Before addressing the Plaintiff's motion for class certification, the Advisory Committee Notes to the 2003 Amendments to Rule 23 allow a court to first decide the dispositive motions pending before the Court. The Advisory Committee Notes recognize "the many valid reasons that may justify deferring the initial certification decision," including the possibility that "[t]he party opposing the class may prefer to win dismissal or summary judgment as to the individual plaintiff without certification and without binding the class that might have been certified." FED. R. CIV. P. 23 Advisory Committee's Note to 2003 Amendment. Accordingly, the Court will first examine the Defendant's Motion to Dismiss before addressing the Plaintiff's motion for class certification.

See subdivision (c), paragraph 1.

Standing

"In essence, the question of standing is whether the litigant is entitled to have the court decide the merits of the dispute or of particular issues. This inquiry involves both constitutional limitations on federal-court jurisdiction and prudential limits on its exercise." Warth v. Seldin, 422 U.S. 490, 498, 95 S. Ct. 2197, 45 L. Ed. 2d 343 (1975). "From Article III's limitation of the judicial power to resolving 'Cases and Controversies,' and the separation-of-powers principles underlying that limitation, we have deduced a set of requirements that together make up the 'irreducible constitutional minimum of standing.'" Lexmark Intern, Inc. v. Static Control Components, Inc., 572 U.S. 118, 125, 134 S. Ct. 1377, 188 L. Ed. 2d 392 (2014) (citing Lujan v. Defenders of Wildlife, 504 U.S. 555, 560, 112 S. Ct. 2130, 119 L. Ed. 2d 351 (1992). To establish an Article III case or controversy, the Plaintiff must establish three elements: (1) an "injury in fact" that is "distinct and palpable," (2) traceability, and (3) redressability. Whitmore v. Arkansas, 495 U.S. 149, 155, 110 S. Ct. 1717, 109 L. Ed. 2d 135 (1990).
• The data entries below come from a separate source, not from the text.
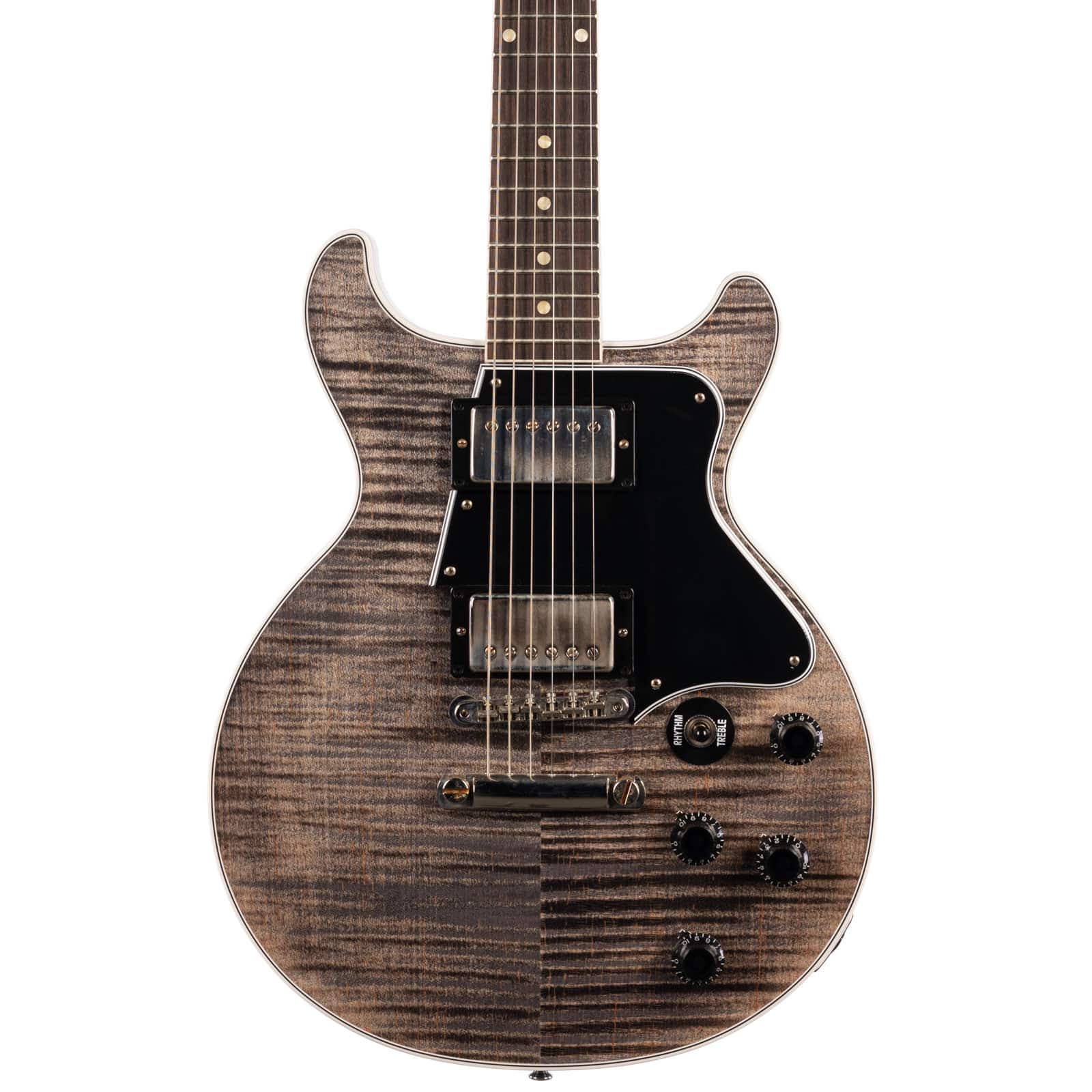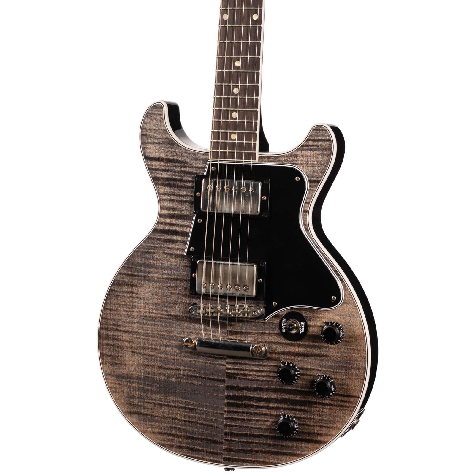 This isn’t your average Les Paul. This Gibson Custom Shop Les Paul Special Double Cut is a masterclass in tone and style, blending vintage-inspired appointments with a look that’s all its own. The figured maple top, finished in a stunning Trans Black, lets every ripple of the wood grain shine through, creating a sense of depth that’s impossible to ignore. But the real surprise? That classy British Racing Green back—a unique touch that sets this instrument apart from the pack. It’s a player’s guitar, through and through, with a resonant soul and a voice that demands to be heard.
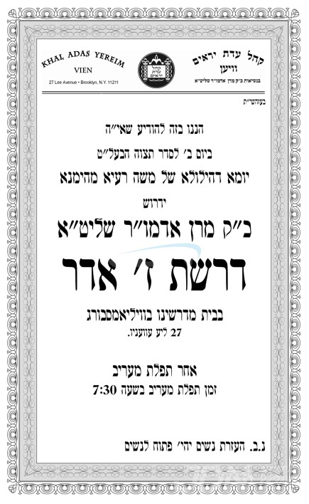 כ"ק אדמו"ר מוויען שליט"א וועט היינט אויפדערנאכט אויפטרעטן מיט די יערליכע ז' אדר דרשה כנהוג, אין ביהמ"ד הגדול קהל עדת יראים וויען אין וויליאמסבורג.
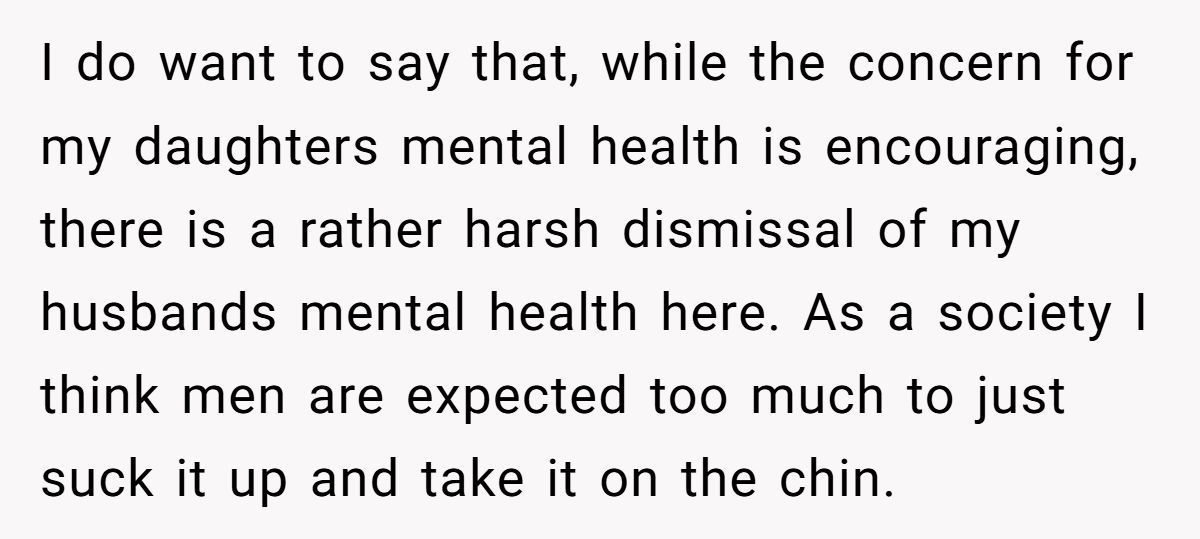 So when their daughter aimed her pain at him, the mother snapped into protection mode. She couldn’t allow him to shoulder more than he already had. Especially not this.
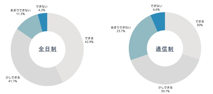「自分が何かしたいと思った時に行動できますか?」という質問に対し、全日制高校では「できない・あまりできない」と回答したのが15.5%であったのに対し、通信制高校では30.3%と、こちらも全日制に通う生徒よりも多い結果となりました。
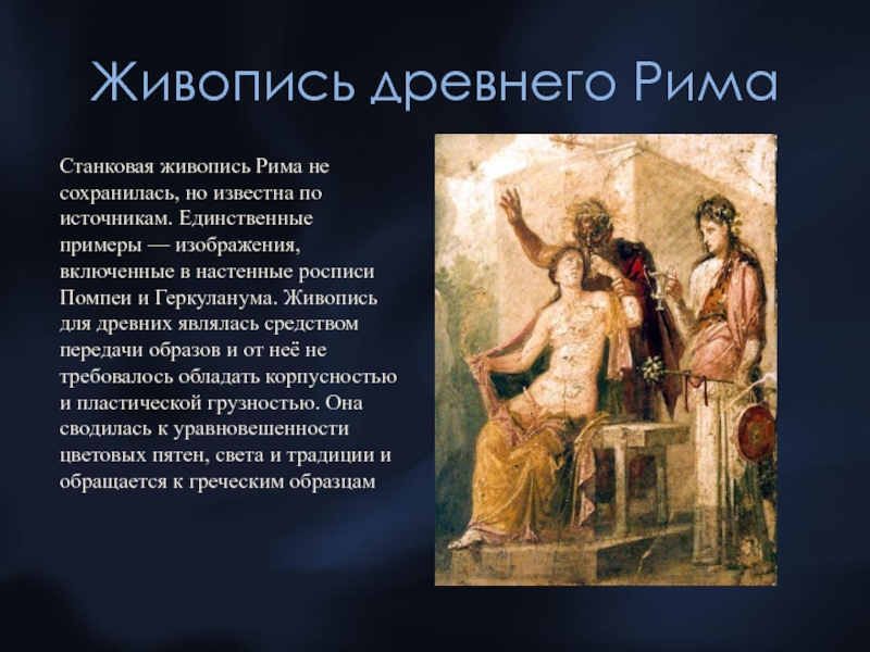 и Геркуланума. Живопись для древних являлась средством передачи образов и от неё не требовалось обладать корпусностью и пластической грузностью. Она сводилась к уравновешенности цветовых пятен, света и традиции и обращается к греческим образцам
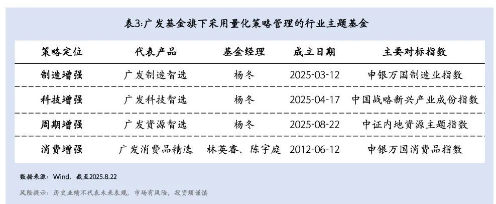 对于偏好行业主题增强的投资者,广发基金也在今年新布局了“智选”系列,包括广发制造智选(023524)、广发科技智选(023647)以及广发资源智选(023834)三只基金,均采用“主观+主动量化+AI增强”的策略。
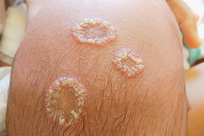 The lesions were annular with raised papular and pustular borders and flat, hyperkeratotic central areas. The baby’s mother, who was originally from Somalia, had similar skin lesions on her upper trunk.
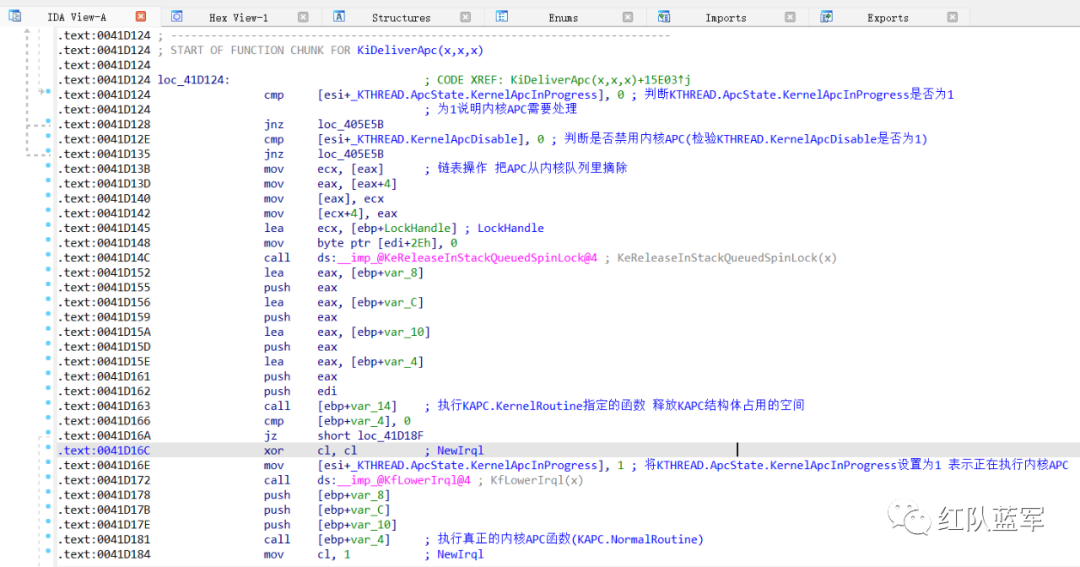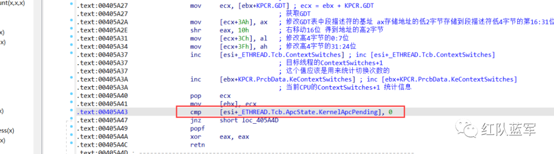 3) 判断是否禁用内核APC(KTHREAD.KernelApcDisable是否为1)
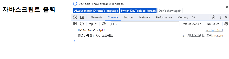 <title>자바스크립트 출력</title>
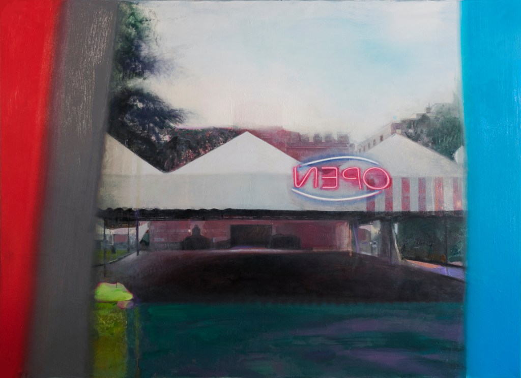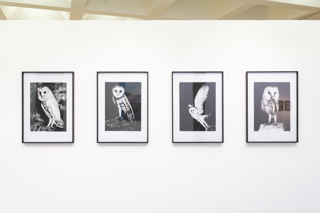 Classe 1980, nato a Ragusa ma residente a Modica, Giovanni Blanco mette in mostra nove opere portate a termine tra il 2014 e il 2022. Tra queste due piccole opere su carta, grandi come un foglio da lettera, intitolate La scatola del pittore, si incaricano di fare sintesi della singolare postazione di un artista. Alto valore simbolico hanno invece i dipinti iperrealistici la Scimmia pittore e Senza titolo, autoritratti metaforici che cercano di far riflettere sulla condizione dell’artista, e dove coesistono in equilibrio il monocromatico e la presenza vivida della tavolozza del pittore. Nella serie Monotipi (inchiostro calcografico su carta), raffiguranti rapaci notturni, nello specifico barbagianni sorpresi da un flash notturno, l’artista sembra invece tracciare una riflessione sulla luce e sulla dimensione della fotografia. Infine appare come un fotogramma sbagliato, tagliato lateralmente da bande cromatiche incongrue, la grande opera Open che, realizzata appositamente per questa esposizione e raffigurante un padiglione fieristico in disuso presso Porta Galliera a Bologna, con la sua mancata inquadratura ci dà l’impressione di essere di fronte ad una diapositiva rovesciata.
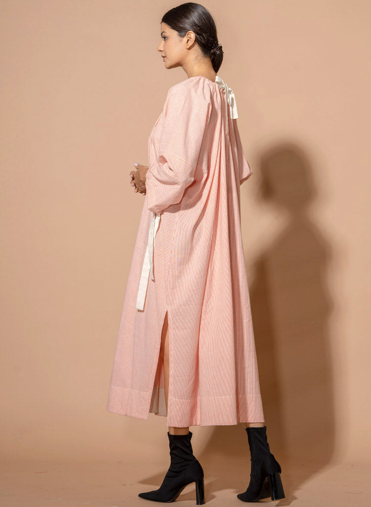 A relaxed-fitting kaftan-style midi dress with a gathered neck and sleeves hem with tie-up details featuring a round neckline and side slits. Length 47", Bust 68", Shoulders 43. The model is 5'6" and is wearing a free size.
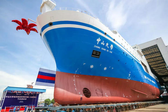 2016年6月教育部批复同意best365中国官方网站在“十三五”期间新建一艘6000吨级的海洋综合科考实习船。该船于2019年10月28日正式开工建造。据介绍,此次下水后将立即开展舾装调试,预计2021年上半年交付使用。
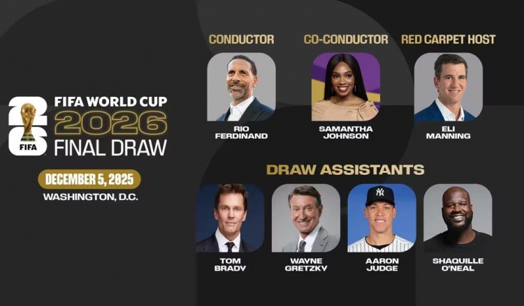 2026年寰球杯抽签典礼将于2025年12月5日在华盛顿特区约翰·F·肯尼迪扮演艺术中心举行。
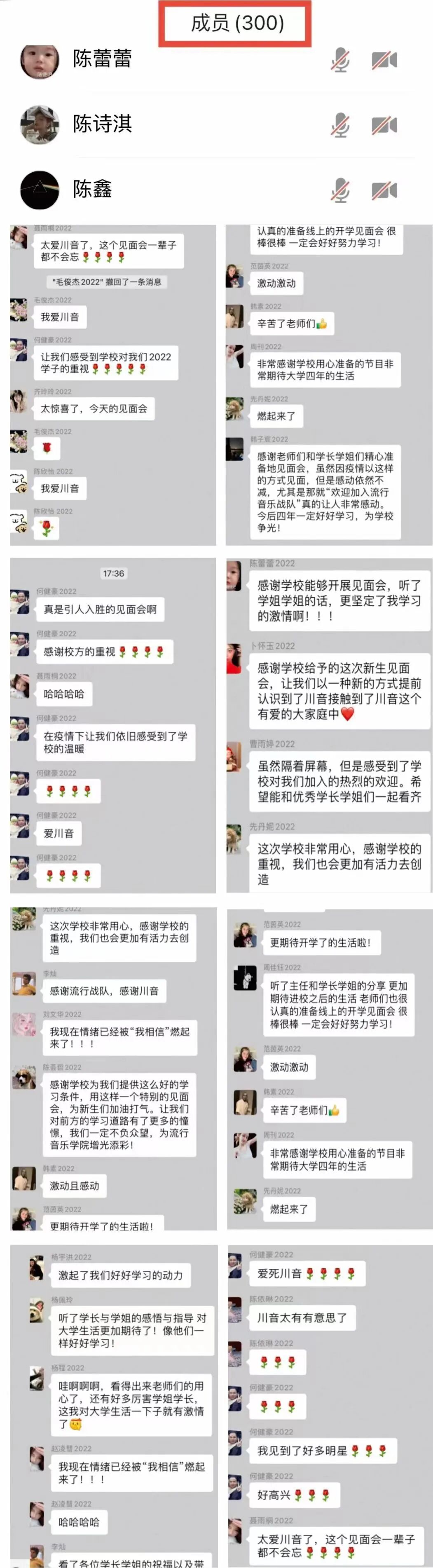 四十余分钟的见面会,精彩不断,身处大江南北的2022级新生,持续守候在线上,见面会同步在线人数达到平台最高上线。300余名师生线上线下济济一堂,共同感受着流行音乐学院大家庭的热情与温暖。同学们迫不及待地发表感受:“这样的见面会终身难忘”“感谢川音,感谢流行”“倍受感动和鼓舞”“在疫情下依旧能感受到学校的温暖”…… 他(她)们纷纷表示要努力成为最棒的川音人。
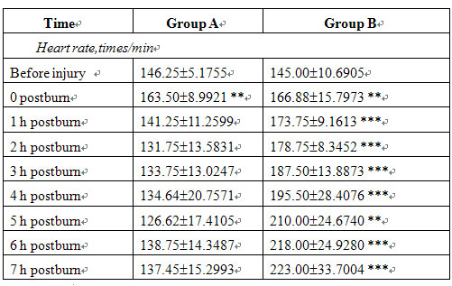 Before injury and at 5 min after injury, RR, HR and ABP were not significantly different between the two groups. In group B, RR and HR increased, ABP decreased progressively postinjury and the blood viscosity was raised markedly after treatment compared with that of before treatment. In group A, the MEBO-treated group, the RR, HR and ABP of all animals gradually recovered to the preinjury levels after treatment while blood viscosity decreased significantly (Tables 3, 4).
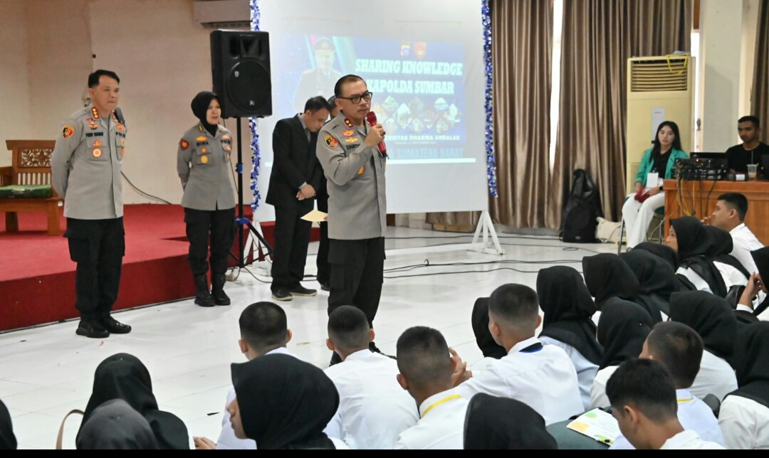 Iwosumbar.com, Padang – Kapolda Sumatera Barat, Irjen Pol Suharyono, beri pembekalan kepada ratusan mahasiswa baru di kampus Universitas Dharma Andalas (Unidha) di kegiatan Pengenalan Kehidupan Kampus Mahasiswa Baru (PKKMB)
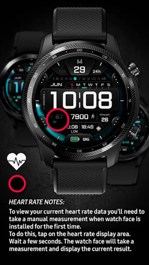 To view your current heart rate data you’ll need to take a manual measurement. To do this, tap on the heart rate display area (see images). Wait a few seconds. The watch face will take a measurement and display the current result.

Apart from this minimum constitutional mandate, the Supreme Court also recognizes prudential "limits on the class of persons who may invoke the courts' decisional and remedial powers." Warth, 422 U.S. at 499, 95 S. Ct. 2197. First, courts have held that a harm resulting in a "generalized grievance" does not warrant the exercise of federal-court jurisdiction. Id. (citing Schlesinger v. Reservists to Stop the War, 418 U.S. 208, 221-227, 94 S. Ct. 2925, 41 L. Ed. 2d 706 (1974)). Second, "Even when the plaintiff has alleged injury sufficient to meet the 'case or controversy' requirement, this Court has held that the plaintiff generally must assert his own legal rights and interests, and cannot rest his claim to relief on the legal rights or interests of third parties." Id. at 221-227, S. Ct. 2925 (citing generally, Tileston v. Ullman, 318 U.S. 44, 63 S. Ct. 493, 87 L. Ed. 603 (1943)).

In its Motion to Dismiss, the Defendant does not argue that the Plaintiff lacks constitutional standing, but instead argues that the Plaintiff lacks prudential standing to bring her TILA, RESPA, and RDCPA claims. Prudential standing asks whether "this particular class of persons ha[s] a right to sue under this substantive statute." Lexmark Intern, Inc. v. Static Control Components, Inc., 572 U.S. at 127 (citation omitted). The Defendant argues that the Plaintiff lacks standing because she did not execute the Note and is therefore not obligated on the Loan. Thus, the question this case presents at this stage is whether the Plaintiff falls within the class of plaintiffs Congress authorized to bring suit under TILA, RESPA, and FDCPA.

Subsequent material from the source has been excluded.